*** Provided records ***

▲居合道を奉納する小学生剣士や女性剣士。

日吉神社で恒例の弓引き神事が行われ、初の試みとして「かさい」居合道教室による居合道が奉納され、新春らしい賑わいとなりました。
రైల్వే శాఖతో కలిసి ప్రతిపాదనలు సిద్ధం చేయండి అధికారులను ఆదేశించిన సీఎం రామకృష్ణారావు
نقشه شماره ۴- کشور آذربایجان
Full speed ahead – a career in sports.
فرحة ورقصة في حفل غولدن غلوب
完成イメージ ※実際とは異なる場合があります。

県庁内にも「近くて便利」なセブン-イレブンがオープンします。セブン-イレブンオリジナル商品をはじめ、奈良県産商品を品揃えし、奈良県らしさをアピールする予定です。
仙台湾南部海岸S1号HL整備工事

*** End of Provided records ***

• Exercise brief: All lines from the one with "فرحة ورقصة في حفل غولدن غلوب" to the end of the records must be set down exactly. Skip every line before it.

• Output for this exercise:
فرحة ورقصة في حفل غولدن غلوب
完成イメージ ※実際とは異なる場合があります。

県庁内にも「近くて便利」なセブン-イレブンがオープンします。セブン-イレブンオリジナル商品をはじめ、奈良県産商品を品揃えし、奈良県らしさをアピールする予定です。
仙台湾南部海岸S1号HL整備工事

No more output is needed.